For more than two years, residents along Greenville Avenue – a state road – have dealt with the inconvenience of construction of the Citizens Bank campus and the associated sewer and water line extension projects that severely affected the road’s conditions. Following the completion of the campus construction late this past summer, Citizens Bank repaved the area from their campus to Salina Avenue. The lower portion of Greenville Avenue from Salina to George Waterman, however, is the responsibility of National Grid and Providence Water and is separate from the Citizens repaving project.

Work continued in that area following the completion of the campus, replacing gas lines and other infrastructure. It may be nearby residents in that area, however, that are now holding up road repairs.

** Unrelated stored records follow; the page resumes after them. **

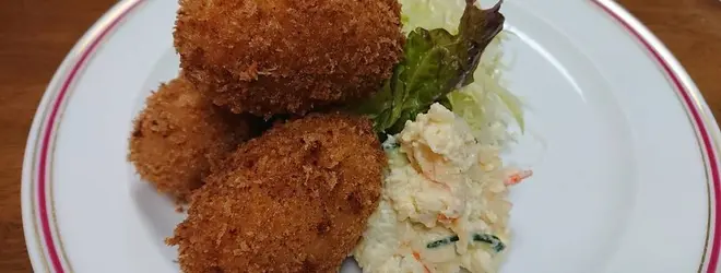 出てきた味噌汁の大きさに驚く五郎さん。ちくわや半熟卵が入っているのをふうふうしながら頂きます。熱々コロッケとフライはカニとじゃがいもで、五郎さんの好みど真ん中だったようです。
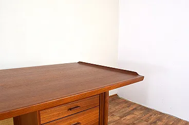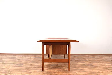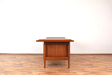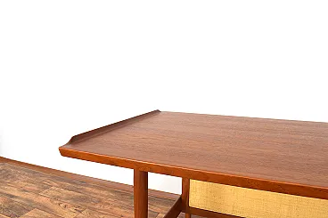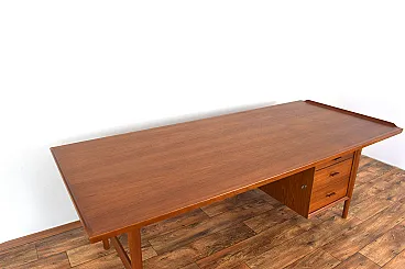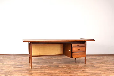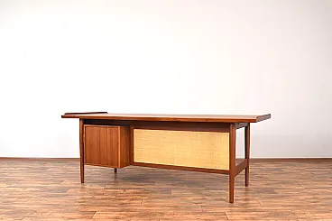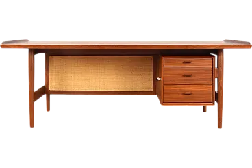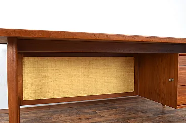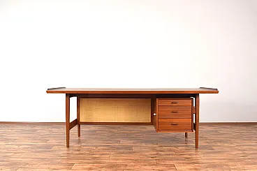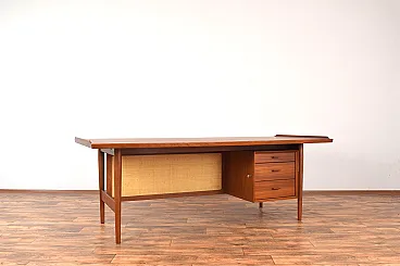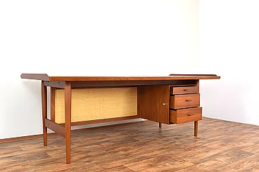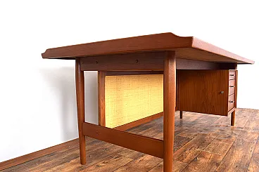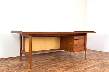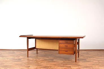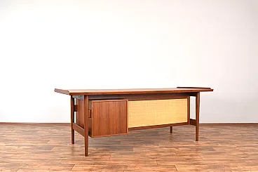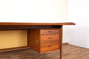 This desk was designed in the 1960s by Danish designer Arne Vodder and manufactured by Sibast. The furniture is made of teak wood and has been professionally and carefully restored by removing old coatings, staining and finishing with varnish. The desk is characterized by very high quality workmanship with attention to the smallest detail. The desk top is finished with a profiled edge. Three drawers are locked with a key, which is included with the desk. The back wall of the desk has been enriched with an insert made of cane.
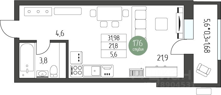 Жилая площадь21,8 м²
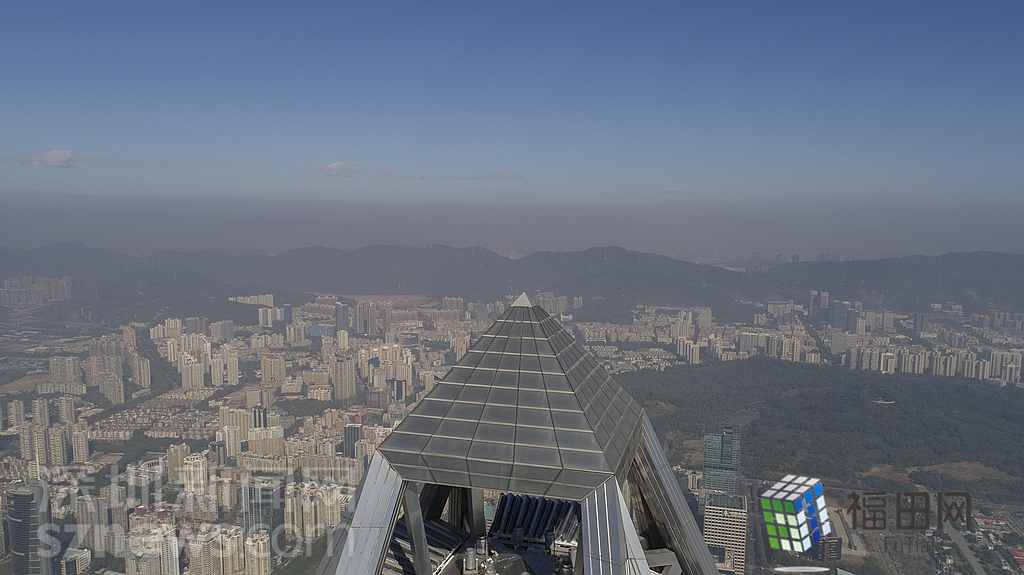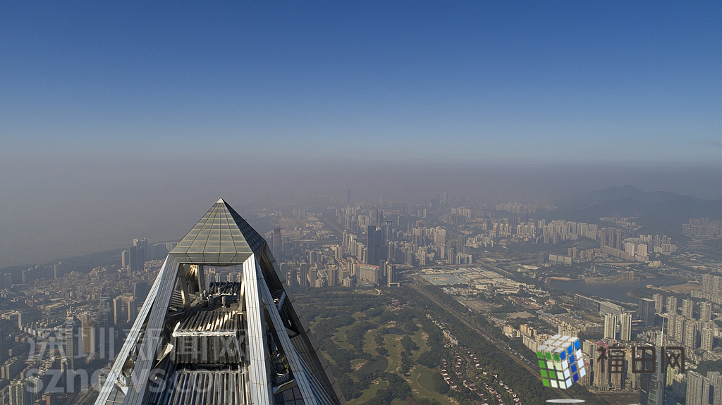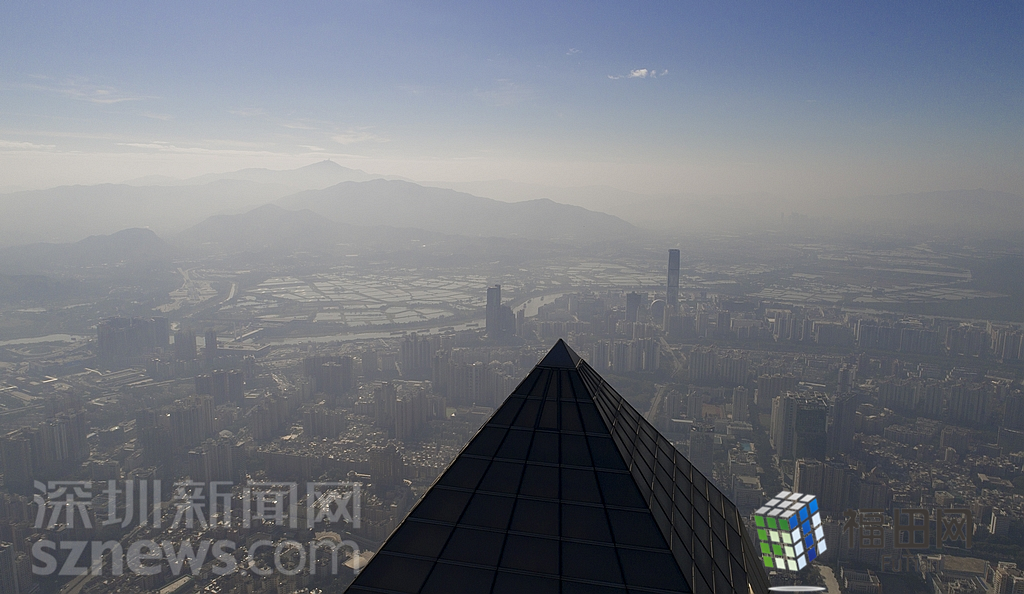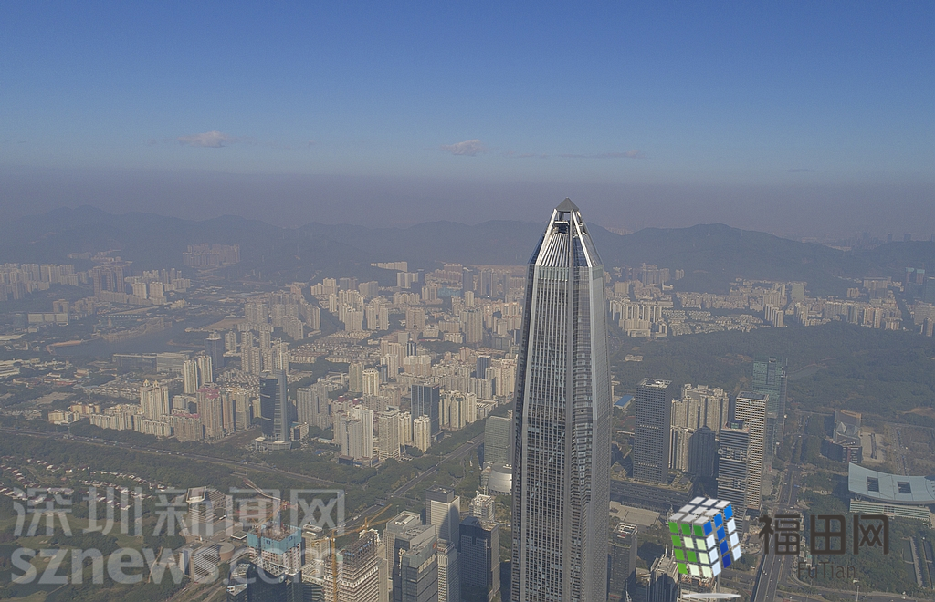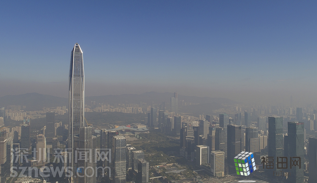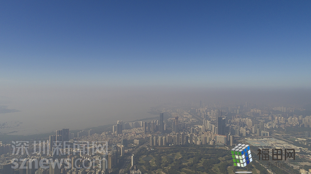 1月18日上午,記者操控?zé)o人機(jī)俯瞰深圳中心區(qū)發(fā)現(xiàn),灰霾將天空“割裂”成一道涇渭分明的界線,把城市籠罩得如同一個充滿霧靄的森林。從平安金融大廈的上空遠(yuǎn)眺,西南面的深圳灣在灰霾的籠罩下變成了一片“沙漠”,東面的京基一百幾乎被灰霾“吞沒”,北邊平時肉眼可看的梅林山也因為能見度較低變得若隱若現(xiàn),南面的米埔濕地也被云遮霧繞。

“National Grid has said that they’re having problems with the lateral installation of lines to residents’ homes and that people are not responding to requests for those installations,” said Polisena.

Polisena said he’s had conversations with the Department of Transportation (DOT) Director Peter Alviti, Jr. and Bob Rocchio, Chief Engineer of Infrastructure at the DOT, and has applied pressure on the department to get the resurfacing completed.

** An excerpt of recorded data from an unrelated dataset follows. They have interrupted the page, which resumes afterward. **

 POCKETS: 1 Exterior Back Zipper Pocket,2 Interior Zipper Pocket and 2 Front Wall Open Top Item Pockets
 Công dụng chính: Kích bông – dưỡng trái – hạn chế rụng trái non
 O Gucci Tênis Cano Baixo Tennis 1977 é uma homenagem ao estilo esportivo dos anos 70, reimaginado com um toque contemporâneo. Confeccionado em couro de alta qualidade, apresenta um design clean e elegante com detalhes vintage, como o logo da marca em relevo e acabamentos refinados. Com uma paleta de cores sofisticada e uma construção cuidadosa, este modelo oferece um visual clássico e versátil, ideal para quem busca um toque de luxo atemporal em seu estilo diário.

According to emails received by the mayor from the DOT, National Grid’s delay in wrapping up of their installation work on Greenville Avenue is due to “unresponsive customers.”

“National Grid needs the customers [property owners] cooperation and consent to access their properties to complete the gas service installations. National Grid may have to send out gas termination letters to the unresponsive customers,” wrote Matt Ouellette of the DOT in an email chain sent to the mayor. “While the politicians and mayor are putting heat on us over the final road repair, some of their constituents are part of the reason for the delay.”

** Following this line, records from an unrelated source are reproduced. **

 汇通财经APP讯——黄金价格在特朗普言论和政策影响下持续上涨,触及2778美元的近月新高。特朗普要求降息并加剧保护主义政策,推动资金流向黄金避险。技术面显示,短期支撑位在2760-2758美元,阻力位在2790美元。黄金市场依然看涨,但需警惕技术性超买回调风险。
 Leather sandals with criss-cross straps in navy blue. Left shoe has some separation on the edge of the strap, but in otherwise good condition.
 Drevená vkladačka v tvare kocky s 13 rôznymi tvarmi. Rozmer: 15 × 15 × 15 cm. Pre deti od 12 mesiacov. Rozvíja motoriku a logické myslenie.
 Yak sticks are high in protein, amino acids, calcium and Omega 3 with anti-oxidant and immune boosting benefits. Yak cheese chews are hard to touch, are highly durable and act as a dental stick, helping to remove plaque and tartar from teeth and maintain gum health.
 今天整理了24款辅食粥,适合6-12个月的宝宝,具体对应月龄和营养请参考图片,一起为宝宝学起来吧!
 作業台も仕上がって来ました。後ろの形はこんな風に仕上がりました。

According to contractor workers on scene on Greenville Avenue, there are approximately 15 remaining homes on Greenville Avenue that need to have new gas laterals installed. That work is hoped to be completed within the next few weeks

Unlike major sewer lines in the area that needed time to settle before the road covering them could be repaved, the techniques used to compact the soil during lateral installations allow for immediate repaving.

Lateral work is hoped to be completed within the next few weeks, and work repaving of Greenville Avenue should begin by mid-November. Polisena said he has been assured that the road will not be left unpaved over the winter.

“If the residents of Greenville Avenue are ignoring the correspondence from National Grid, then they are the ones that are dragging it out,” said Polisena.

Hartford Paving will be doing the paving work on Greenville Avenue, which will be curb to curb.

Work on Bishop Hill Road began yesterday with the start of the removal of the surface of the road, which should take about two days. Once that work is complete, resurfacing of Bishop Hill from Central Avenue to Hartford Avenue will commence. According to Vecchione, resurfacing work will continue throughout the weekend and, weather permitting, is expected to be completed by Monday.

Once Bishop Hill is complete, work on Brown Avenue will then commence. Last year, the DPW repaved a section of Brown, and this year’s work will pick up from that spot and continue to the entrance of Dame Farm. That work is expected to be completed before December. The remainder of Brown Avenue will then be repaved next year.